Church of Ireland cathedral in Kildare town

Kildare Cathedral, or St Brigid's Cathedral in Kildare, is one of two Church of Ireland cathedrals in the United Dioceses of Meath and Kildare. It is in the ecclesiastical province of Dublin. Originally, as part of the wider Western Church, all in communion with the See of Rome, it was built in the 13th century on the site of an important Celtic Christian abbey, which is said to have been founded by Saint Brigid in the 5th century. The site has been in the care of the Church of Ireland since its separation from Rome at the time of the Reformation and after falling into decay was restored in the 19th century. There is an Irish round tower in the cathedral grounds.

== History ==

=== Early history ===
It is said that in the year 480 (35 years after Saint Patrick settled in Armagh) Saint Brigid arrived in Kildare with her nuns. Her original abbey church may have been a simple wooden building. Soon after her death in 523 A.D., a costly shrine was erected in her honour in a new and larger building. For many centuries Kildare maintained a unique Irish experiment; the Abbess ruled over a double community of women and men, and the Bishop was subordinate in jurisdiction to the abbess.

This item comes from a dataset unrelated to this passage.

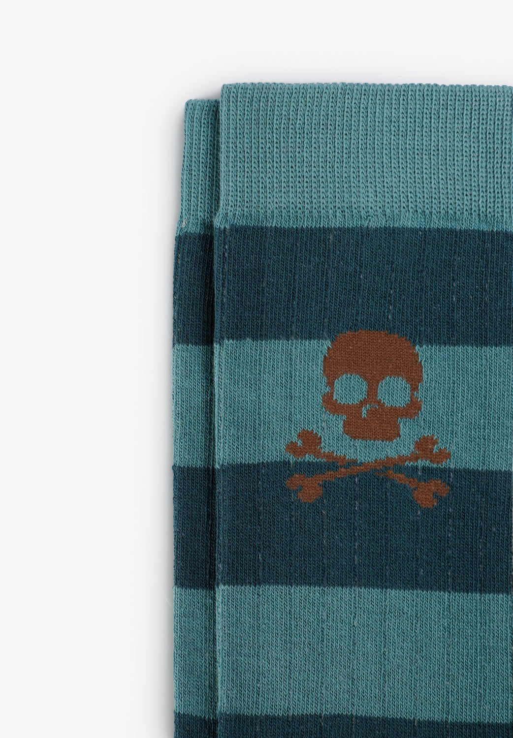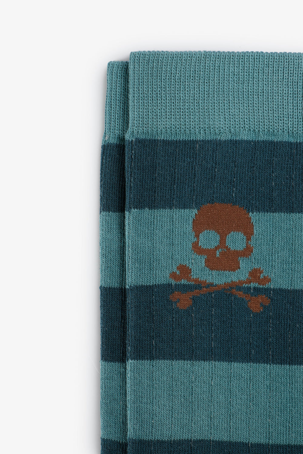 Socks made of an organic cotton blend. Stripe print. Contrast embroidered skull detail. Contrast logo detail on the bottom.

Between the years 835 and 998 the cathedral was devastated approximately 16 times, so that when the Norman, Ralph of Bristol, became bishop in 1223 it was virtually in ruins. Between then and 1230 it was largely rebuilt, likely in the years following 1223, and probably by Ralph of Bristol who was made Bishop of the see in 1222 and died in 1232.

Still semi-ruinous by 1500, it was derelict by 1649. In 1686 it was partially rebuilt.

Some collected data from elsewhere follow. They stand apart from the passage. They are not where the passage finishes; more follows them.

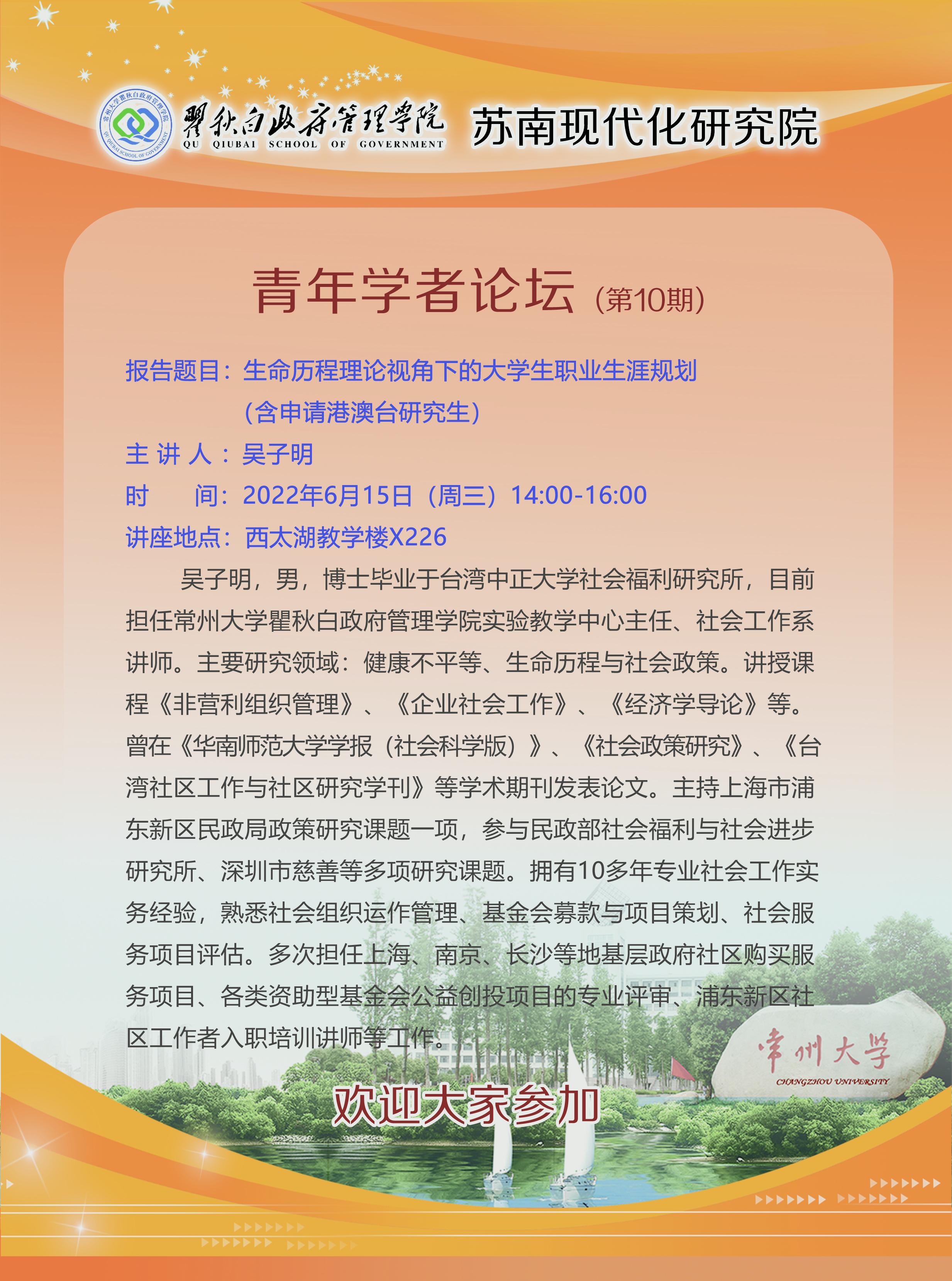 青年学者论坛第10期:生命历程理论视角下的大学生职业生涯规划(含申请港澳台研究生)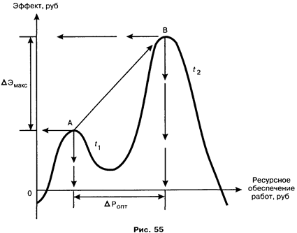 Важно постоянно следить за динамикой ресурсного обеспечения и эффекта (см. рис.55). Такой мониторинг позволит увидеть, как развивается организация, по интенсивному или экстенсивному пути. Например, зная свою оптимизационную кривую за прошлый год (t1), фирма решает увеличить объемы производства (рост потребностей на рынке стимулирует этот процесс). Очевидно, ей требуются дополнительные ресурсы, что может привести к снижению эффекта на прошлогодней оптимизационной кривой. Поэтому фирма планирует предпринять ряд качественно-новых организационных и технологических изменений, позволяющих сместить максимум оптимизационной кривой вправо вверх (t2) от точки А к точке В. Таким образом, приращение ресурсного обеспечения DРопт должно выразиться в приросте эффективности DЭмакс.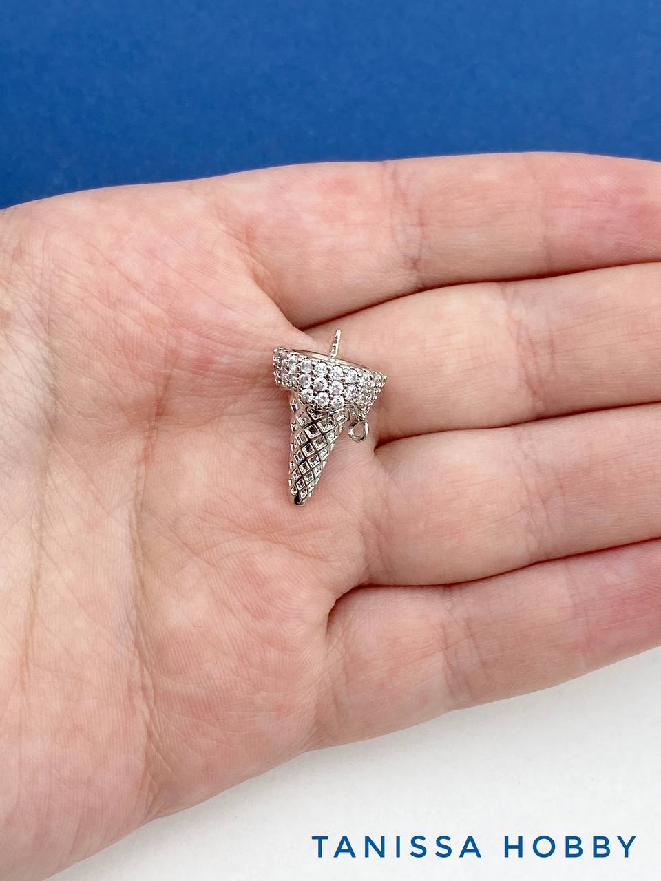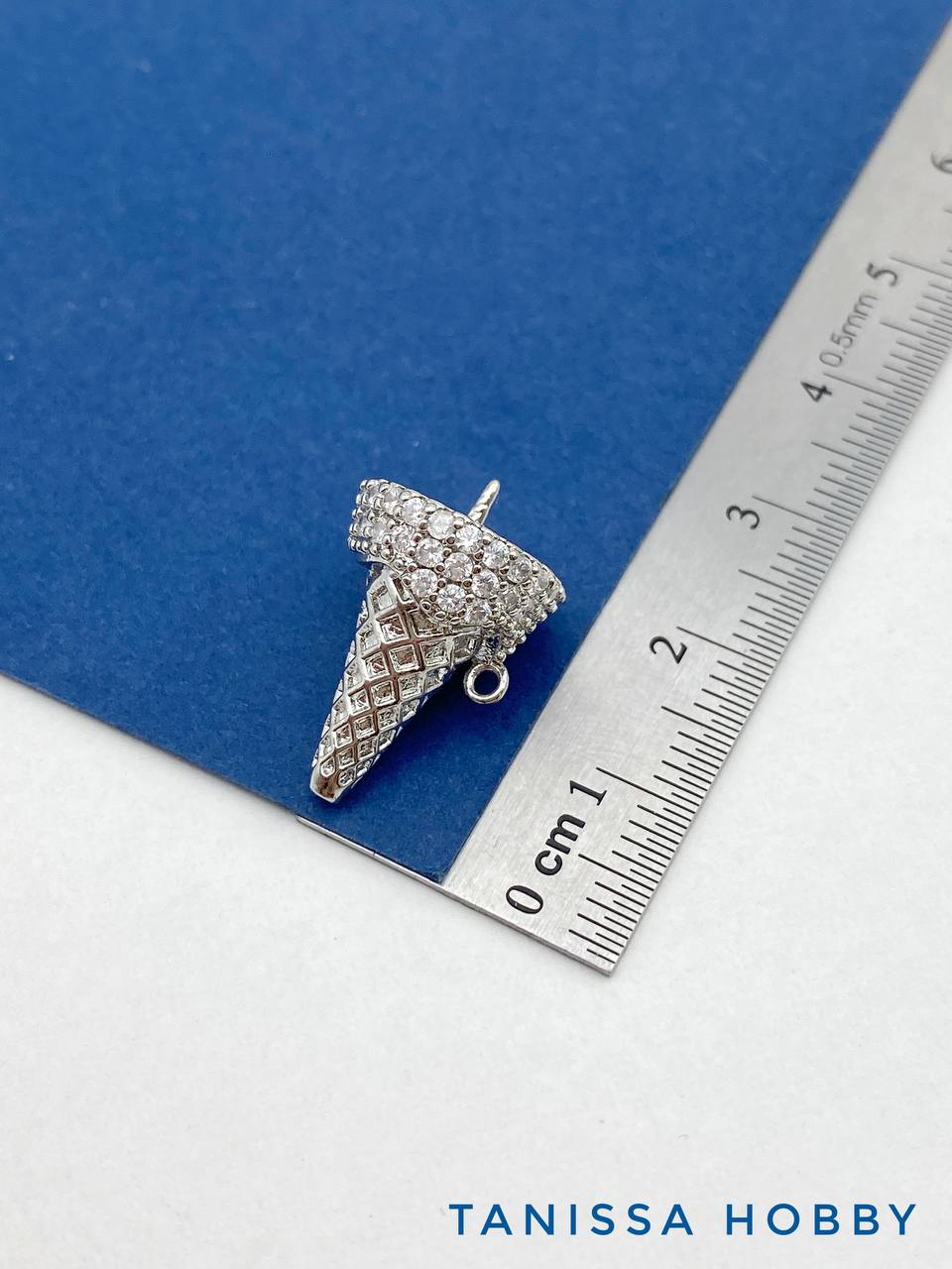 Подвеска мороженое рожок для вклейки, 21мм, родий, В404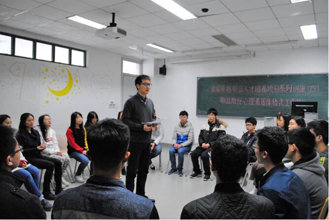 2017年11月25日,浦京集团官网首届卓越职业人才培养项目系列讲座(四)——职业胜任心理素质体验式工作坊在沙河校区3号楼220成功举行。中央音乐学院学生处副处长、国家二级心理咨询师、美国音乐与意象协会(AMI)认证GIM音乐治疗师、萨提亚模式家庭治疗师刘琦作为本次活动的主讲嘉宾,学生工作办公室主任王志梅与2015级入选同学及部分2017级学生参加了此次活动。

=== Demise and resurrection ===

Kildare Cathedral in ruins, 1871

The cathedral fell into disrepair following the 16th century English Reformation, and was ruined during the 17th century Irish Confederate Wars.

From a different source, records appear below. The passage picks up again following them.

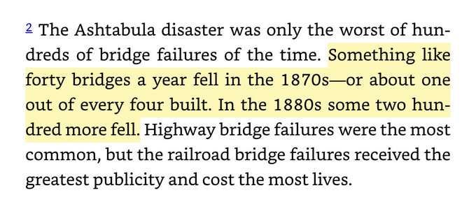 This footnote in McCullough's *The Great Bridge* blew my mind. As late as the 1880s, we still didn't know how to build bridges! We would put them up, and many would just collapse. pic.twitter.com/6vjfkQ482H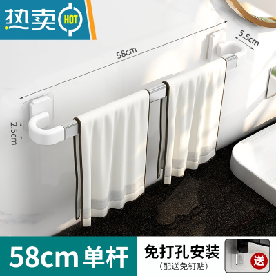 敬平毛巾架免打孔卫生间浴室浴巾架厕所洗手间壁挂架子毛巾单杆置物架 银色♦58cm-单杆浴室置物架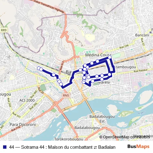 See why over 2 million users trust and consider busmaps.com as the best public transport website. busmaps gives you Bamako Buses suggested routes, real-time bus tracker, line route maps in Bamako, and helps to find the closest 44 bus stops near you. No internet available? Download an offline PDF map and bus schedule for the 44 bus to take on your trip.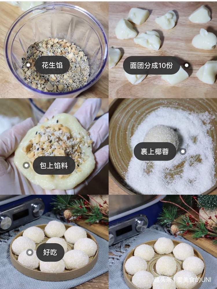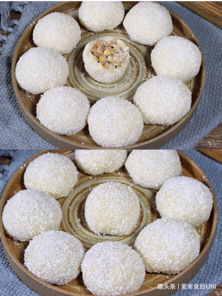 外皮软糯包裹着香脆可口的花生芝麻椰蓉馅。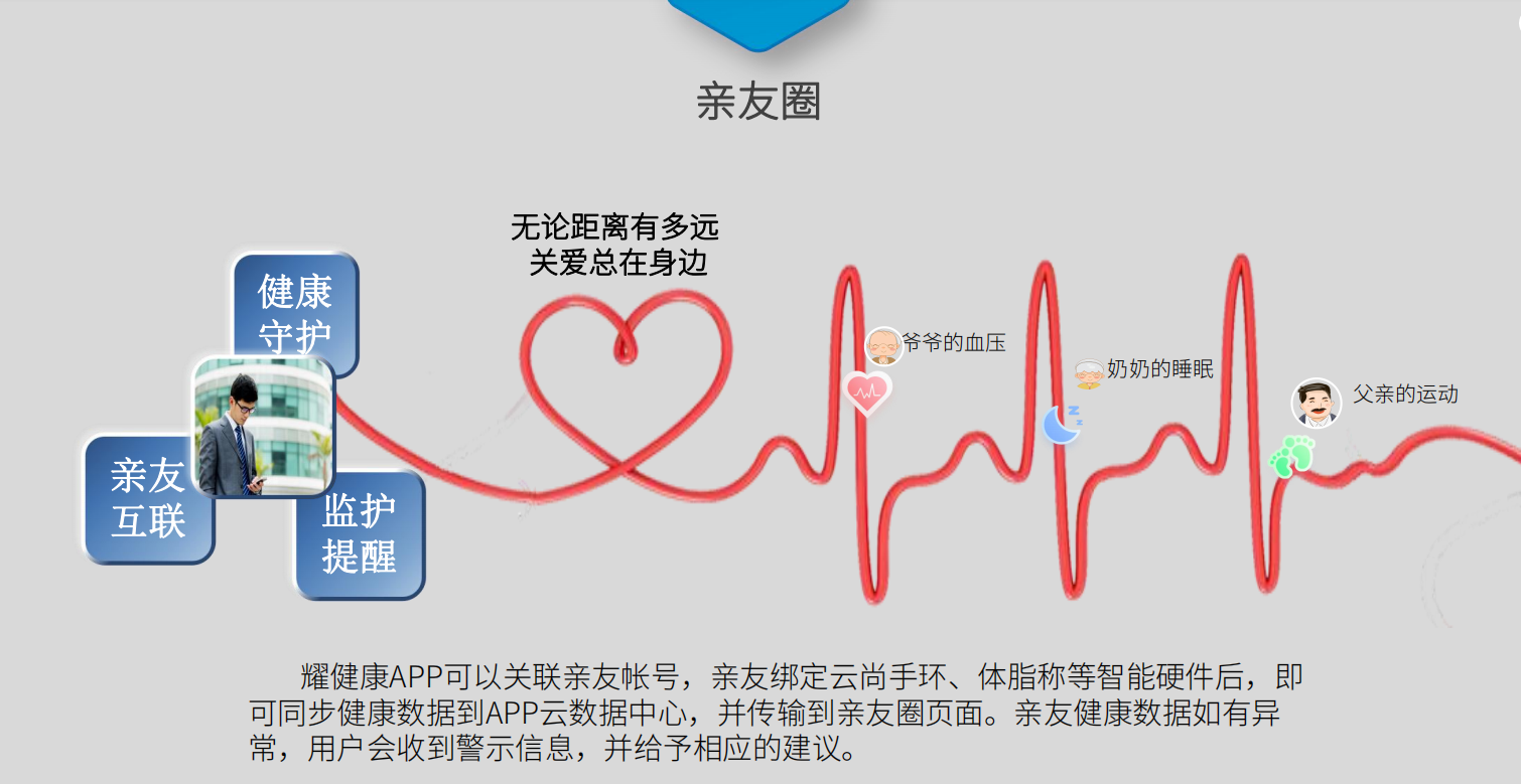 基于大健康未來的發展前景,浙江云尚健康科技股份有限公司(以下統稱為“云尚互聯”)旗下健康智能應用APP—耀健康應用而生。耀健康APP,集結全國頂級醫療資源,依托智能大數據精準算法,全方位解讀個人健康數據,為用戶定制個性化健康管理方案、差別化運動處方、平衡亞健康計劃。

A near complete restoration of the building was undertaken during the 19th century by George Edmund Street. He started restoration work on the cathedral in 1875, and work continued after his death in 1881 until it was complete in 1896. These works included a new north transept, new chancel, and new west wall as well as rebuilding three sides of the square tower. A new oak roof (which is supported on stone corbels) was built into the wall buttresses.

As part of the cathedral's centenary, the building underwent further restoration including new internal porches, repairs to internal and external stonework and rebuilding of the organ.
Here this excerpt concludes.